Experimental strategy for optical imaging in freely behaving mice

In this study, we employ recently-established bright SWIR-emissive organic dyes which enabled acquisition with exposure times in the range of 1–10 ms for non-invasive awake mouse imaging. For optimal dye excitation, we chose those with absorption spectra matched to commercially available NIR and SWIR laser lines. We thus selected the contrast agents ICG, JuloChrom5, Chrom7, and JuloFlav7 to, respectively, match lasers with peak at 785, 892, 962, and 1,064 nm (Cosco et al., 2020, 2021) (Supplementary Figure S1). Apart from ICG, which is water soluble, the dyes were encapsulated in lipid micelles for injection in vivo.
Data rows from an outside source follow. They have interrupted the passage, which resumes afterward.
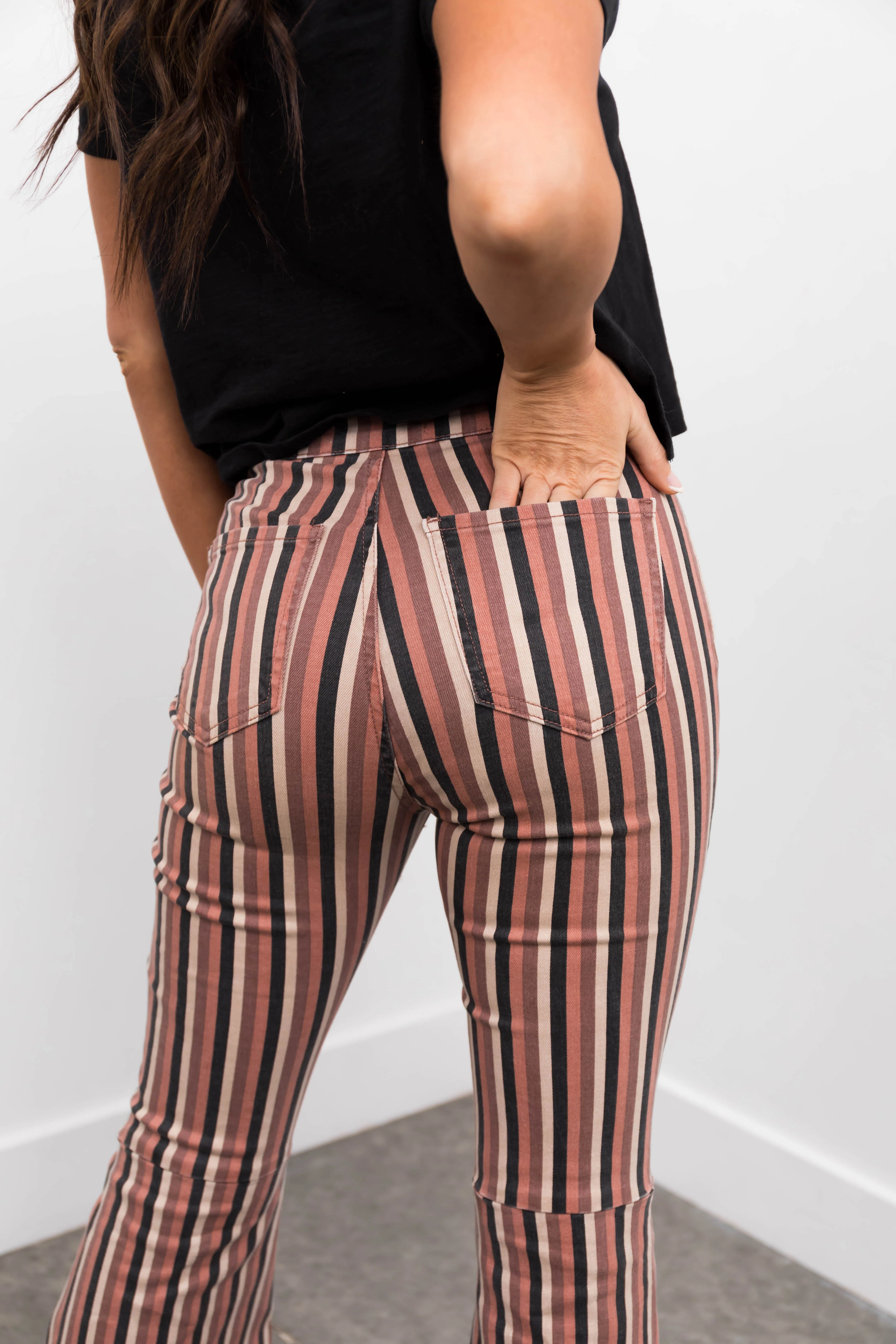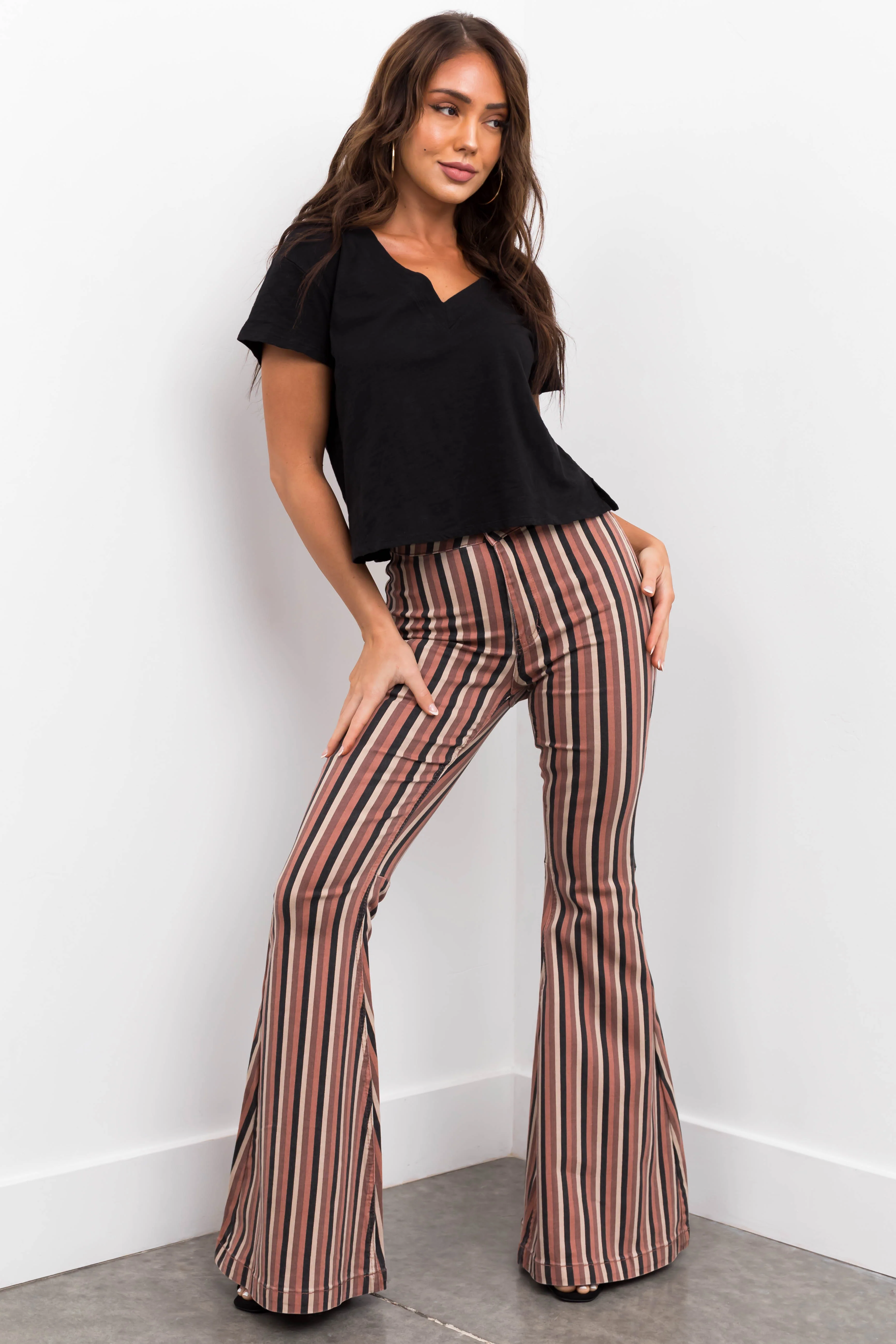 KanCan Rose Taupe Striped Super Flare Jeans
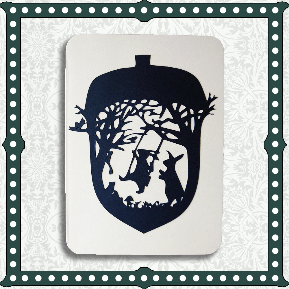 Step into a storybook world, framed by leafy boughs and nestled inside the heart of an acorn. This enchanting collection features delicate papercut scenes of woodland friends.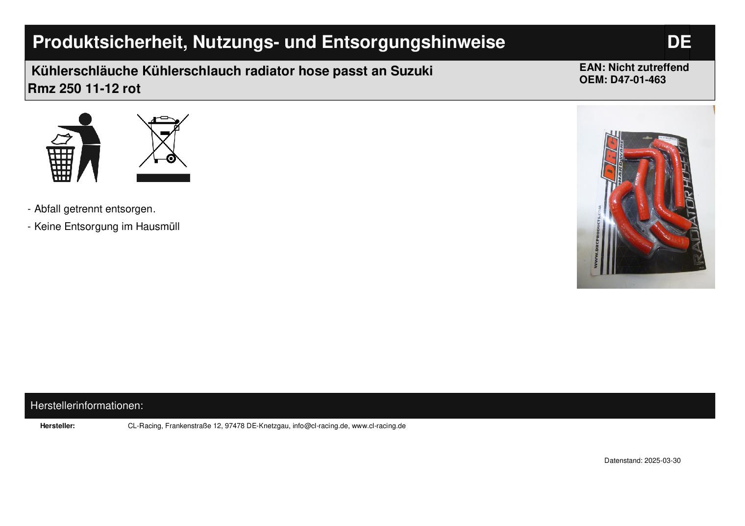 In dieser Auktion gibt es folgenden Artikel zu kaufen: Kühlerschläuche (siehe Foto) Modell: passend für Suzuki RMZ 250 Bj.: 11 - 12 Lieferumfang: siehe Foto Artikelzustand: neu aus Geschäftsauflösung, mit leichten Lagerspuren; Zustand siehe Foto Bei Unklarheiten oder Fragen bitte erst E-Mail schreiben.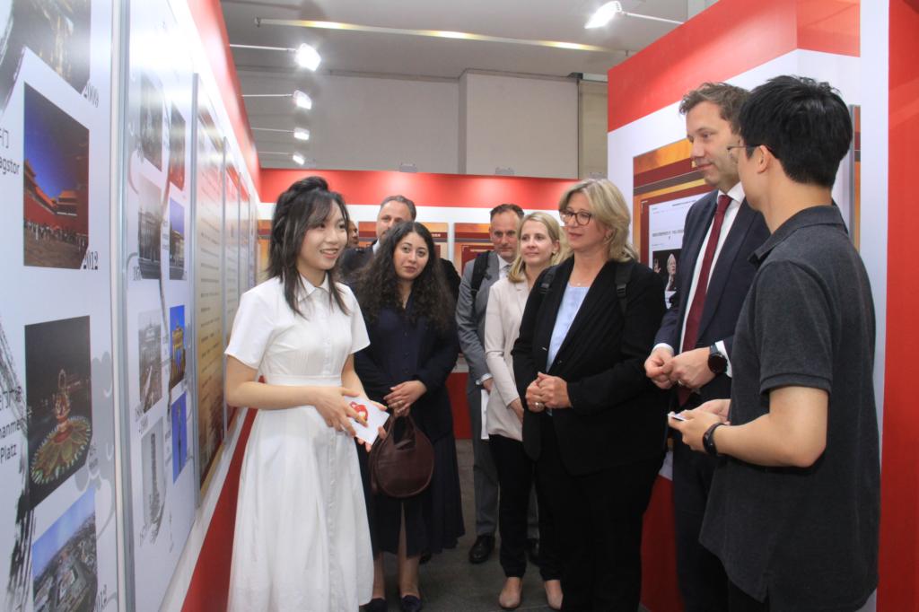 2023年,团队成功接待德国社民党联合主席克林贝尔一行、中国政府友谊奖获得者托马斯·拉贝一行、德国华为数字种子项目成员等,用流利的外语与外宾交流北京中轴线的“中和”思想。与此同时,团队结合前两年社会实践相关经历,完成学术报告《跨越中轴线:基于北京中轴文化形象的对外话语体系研究》。报告基于深度访谈与语料库辅助的媒体形象建构,研究中德媒体关于北京中轴文化形象的新闻报道,探析北京中轴线在传播过程中存在的问题、原因及改进方法,获第十八届“挑战杯”老员工课外学术科技作品竞赛全国铜奖以及北京市特等奖。报告第一作者、团队负责人黄徐洋于2023年7月代表北外前往清华大学参加2023年全国老员工“三下乡”“返家乡”首都新时代老员工社会实践成果交流展,现场展示团队国际交流成果,吸引众多高校师生驻足。

To detect SWIR fluorescence emission of organs from awake mice, we used a 35-mm F/1.4 lens providing mouse whole-body field of view and a monochrome InGaAs detector with maximal frame rate of 300 frames per second (fps) at 640 × 512 pixels resolution. The detection window was selected by 1,000- or 1,150-nm long-pass filters, depending on the fluorophores and laser lines used in each experiment.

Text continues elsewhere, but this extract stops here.